A federal grand jury investigating use of the commodity markets to create fictitious income-tax deductions yesterday indicted 11 brokers at the New York Cotton Exchange for rigging prices, conspiracy, tax evasion and related charges.
In a 63-count indictment, the grand jury charged that the group of brokers arranged more than $1 million in artificial commodity trading losses then claimed the losses as tax deductions, cheating the government out of $500,000 in income taxes. The indictments stem from an investigation by the U.S. attorney's office in the Southern District of New York, the Internal Revenue Service and the Commodity Futures Trading Commission.
The indictments charge the brokers arranged in advance to lose money to each other, then those who profited on the transactions gave 80 percent of the money back to the losers.
The fradulent transactions were set up in the cotton, crude oil and liquified petroleum gas (LPG) futures markets, according to the indictments. lFutures contracts for all three commodities are traded on the New York Cotton Exchange.
Cotton Exchange officials yesterday declined to comment on the indictments.
One of those indicted, Frederick J. Dickson, 60, of Middletown, N.J., was identified by authorities as a member of the exchange's board of directors. w
Four others are on the board of managers of Petroleum Associates of the New York Cotton Exchange, a subsidiary of the Cotton Exchange that operates the crude oil and LPG futures market.

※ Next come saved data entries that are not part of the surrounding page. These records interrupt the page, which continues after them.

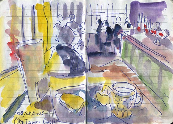 バンクルームズへ帰る途中でこのパブに引っ掛かりました。チバタを食べた昼食のパブ画を描きました。
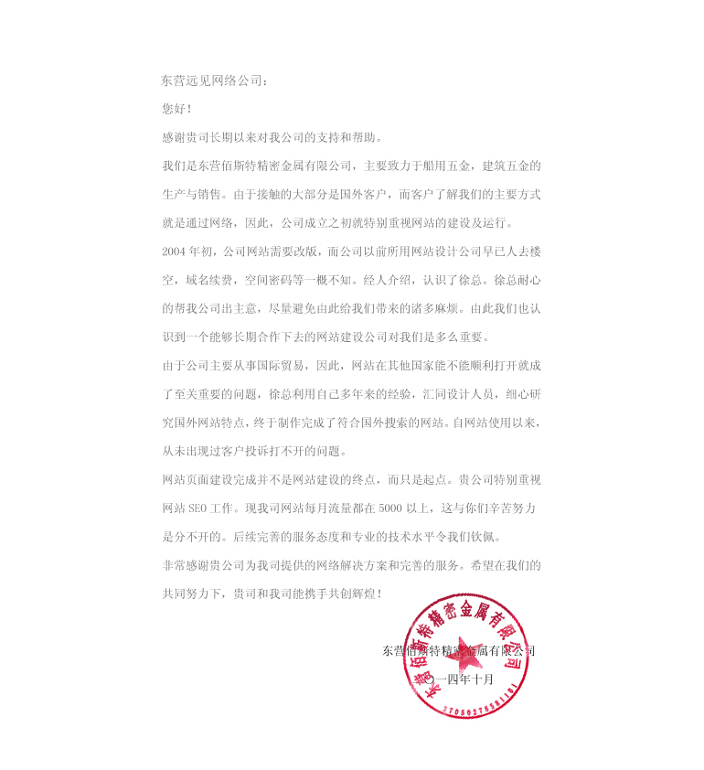 我們是東營佰斯特精密金屬有限公司,主要致力于船用五金,建筑五企的生產(chǎn)與銷售。由于接觸的大分是國外客戶,而客宜戶了解我們的主要方式就是通過網(wǎng)路,因此,公司成立之初就特別重視網(wǎng)站的建投及運(yùn)行。
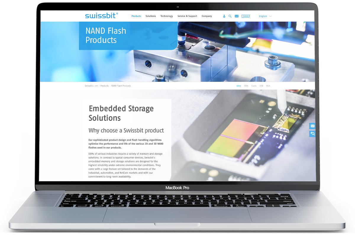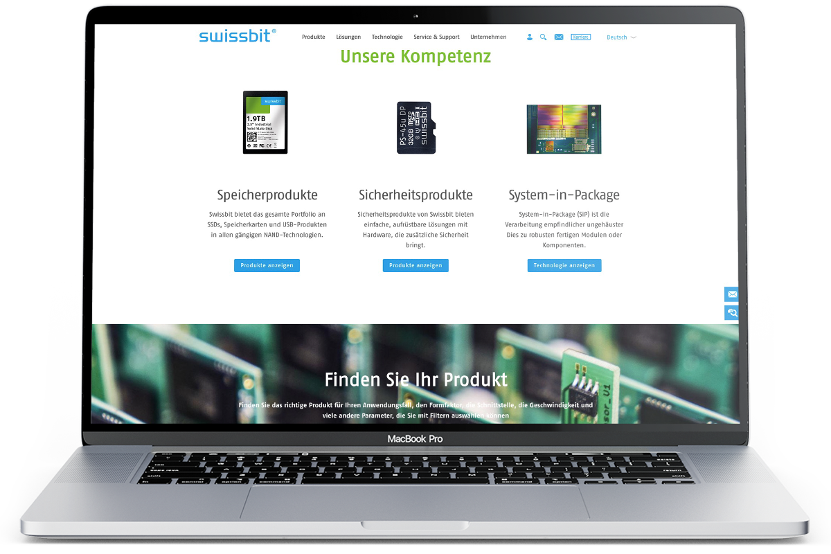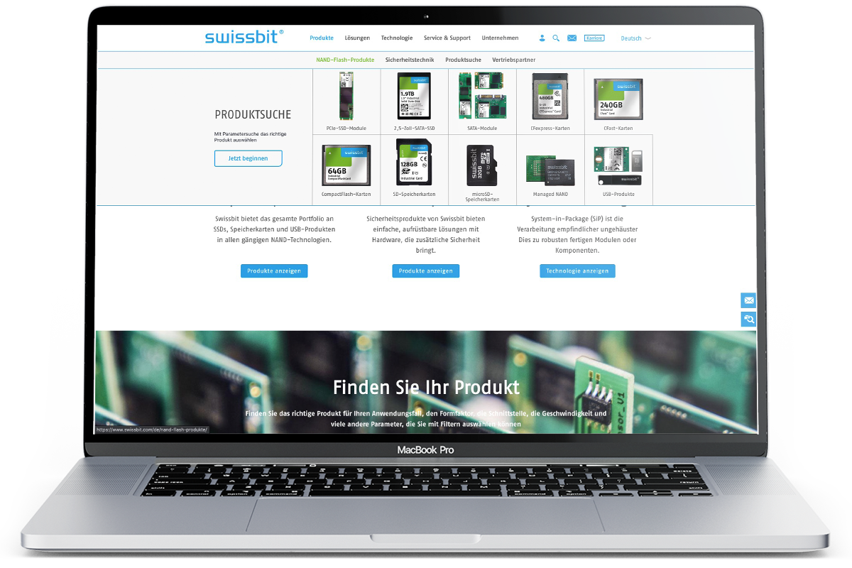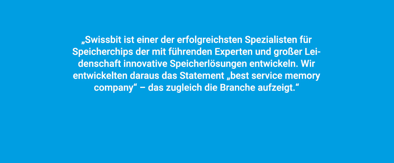 Als einer der erfolgreichsten Spezialisten für Speicherchips arbeitet Swissbit gemeinsam mit führenden Experten leidenschaftlich an der Entwicklung innovativer Speicherlösungen. Absolute Kundennähe und eine hohe Usability beim Kaufprozess sind in diesem Umfeld Pflicht. Wir haben zu der Pflicht noch die Kür geliefert: ganzheitlicher Markenrelaunch mit neuem digitalen Vertriebsprozess.
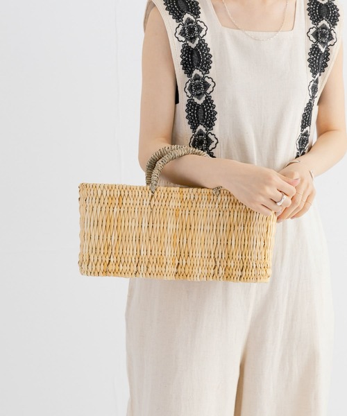 ツルツルしたストロー状の水草で編まれたかごバッグ。 密度高く編み込まれたナチュラルな雰囲気がシーズンムードを高めてくれるアイテム。 マチのあるデザインが収納力も抜群で、コーディネートアイテムとしてはデイリーにはもちろん、ちょっとしたお買い物やレジャーなど、様々なシーンで活躍します。 【2024 Spring/Summer】【24SS】 ※この商品は摩擦や、汗・雨などによる水濡れにより色、油落ちします。衣類や周囲のものに色移りする恐れがありますので、白色や淡色のものと組み合わせする際は製品のお取扱いには十分ご注意ください。 ※日差し、照明により色あせが生じます。保管の際は直射日光や強い照明の当たる場所はお避けください。 ※その他お取り扱いに関しましては、商品に付属のアテンションタグをご覧ください。 総重量 : 約455g ※商品画像は、光の当たり具合やパソコンなどの閲覧環境により、実際の色味と異なって見える場合がございます。予めご了承ください。 ※商品の色味の目安は、商品単体の画像をご参照ください。 ▼お気に入り登録のおすすめ▼ お気に入り登録商品は、マイページにて現在の価格情報や在庫状況の確認が可能です。 お買い物リストの管理に是非ご利用下さい。
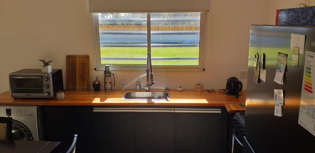 Se ingresa a la casa a través de la cocina comedor con living integrado. Posee un baño completo y un dormitorio.
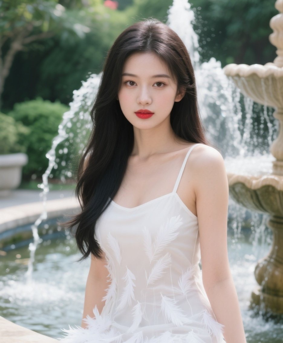 喷水池旁丽人行,水光潋滟衬仙姿
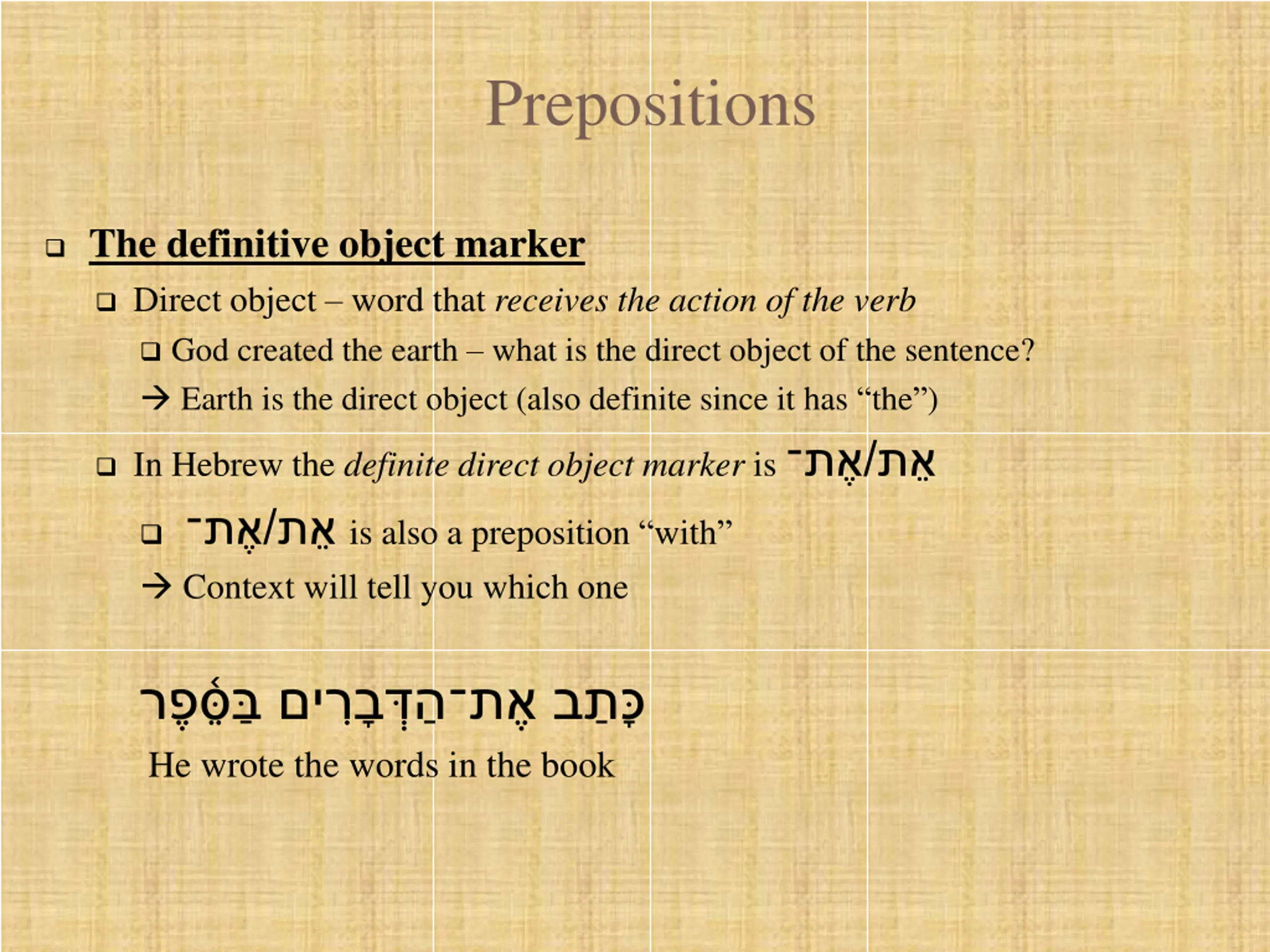 Prepositions The definitive object marker Direct object word that receives the action of the verb God created the earth what is the direct object of the sentence? Earth is the direct object (also definite since it has the ) / In Hebrew the definite direct object marker is / is also a preposition with Context will tell you which one He wrote the words in the book
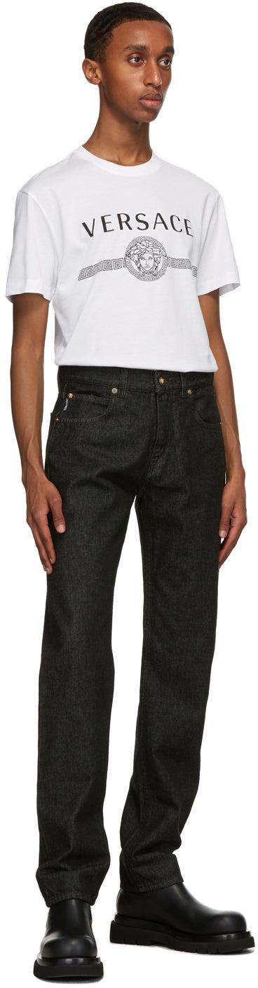 Short sleeve cotton jersey T-shirt in white. Rib knit crewneck collar. Logo and signature Medusa printed in black at chest. Supplier color: White 100% cotton. Brand: Versace
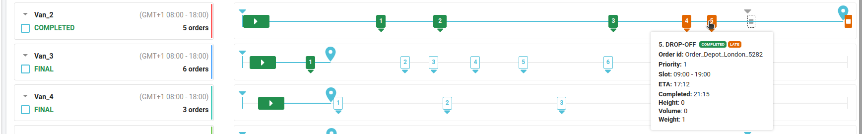 In the new example below, it shows that the last two orders were delivered outside their scheduled time slots. This is why they are marked in orange. For example, order number five had a time slot at 09:00 - 19:00, but instead it was completed at 21:15.

Along with the indictments, federal authorities disclosed that a former Cotton Exchange board member, Benjamin F. Tipton, secretly pleaded guilty to a misdemeanor tax-evasion charge last February. In a guilty plea that was sealed at the request of prosecutors, Tipton admitted Dickson helped him arrange a phony $5,000 tax deduction in 1974.
Dickson, a vice president of Dan River Cotton Co. -- one of the nation's biggest producers of cotton fabrics, sheets and towels -- reportedly is cooperating with federal investigators.
U.S. Attorney John S. Martin Jr. said a federal grand jury is continuing to investigate tax-evasion schemes "on New York commodities markets" in cooperation with the Internal Revenue Service and the Commodity Futures Trading Commission.
The probers reportedly are looking into not only the Cotton Exchange but also three other New York-based futures markets which share facilities in the World Trade Center with the Cotton Exchange. The other markets are the Commodity Exchange Inc., the New York Mercantile Exchange and the New York Cocoa, Coffee and Sugar Exchange.
Yesterday's 11 indictments were the second batch of federal charges filed for alleged tax evasion by Cotton Exchange traders. In April 1978 a grand jury indicted nine brokers for allegedly arranging artificial lose in crude oil futures.
The latest indictments charge the 11 brokers were part of a conspiracy that began on Sept. 10, 1974 -- the day the Cotton Exchange began trading crude oil futures.
Futures contracts are agreements to buy and sell a commodity for delivery at some future date. Futures contracts are used mainly by consumers and producers of commodities to protect themselves against unexpected changes in prices.
In recent years, however, futures market transactions have been used widely by wealthy Americans to avoid paying federal income taxes. The best-known commodity tax avoidance scheme is called "the silver butterfly" and involves simultaneously buying and selling silver futures contracts. The "butterfly" creates an artificial tax loss that can be deducted from this year's income and an identical profit that will be taxed next year at a lower rate. In effect, it can cut a wealthy taxpayer's income tax rate from 70 percent to 28 percent and delay payment of taxes for a year or more.
The Internal Revenue Service has refused to allow taxpayers to claim deductions for deliberate commodity futures losses, but the IRS ruling has been challenged in court and no final decision has been made. A bill was introduced in the last Congress to change the tax law to close what the sponsors claim is a $3-billion-a-year loophole.
If the IRS wins the case, now pending in U.S. Tax Court, thousands of taxpayers will be forced to pay the government millions of dollars in taxes. The IRS, however, has not accused users of "butterfly" transactions of criminal tax evasion.
Yesterday's indictment accused the New York Cotton Exhcange brokers of going beyond the use of a legal loophole to avoid taxes and violating several federal laws in an effort to cut their tax payments. The grand jury accused the professional commodity traders of conspiring to manipulate trading and create "fradulent" losses to hide profits they had made on other deals.
Cotton Exchange Board member Dickson, the indictments charge, set up a loss of $155,000 in 1976 that enabled him to avoid paying more than $100,000 in taxes. Nine other brokers were accused of evading smaller amounts of taxes and of helping the others arrange their own losses.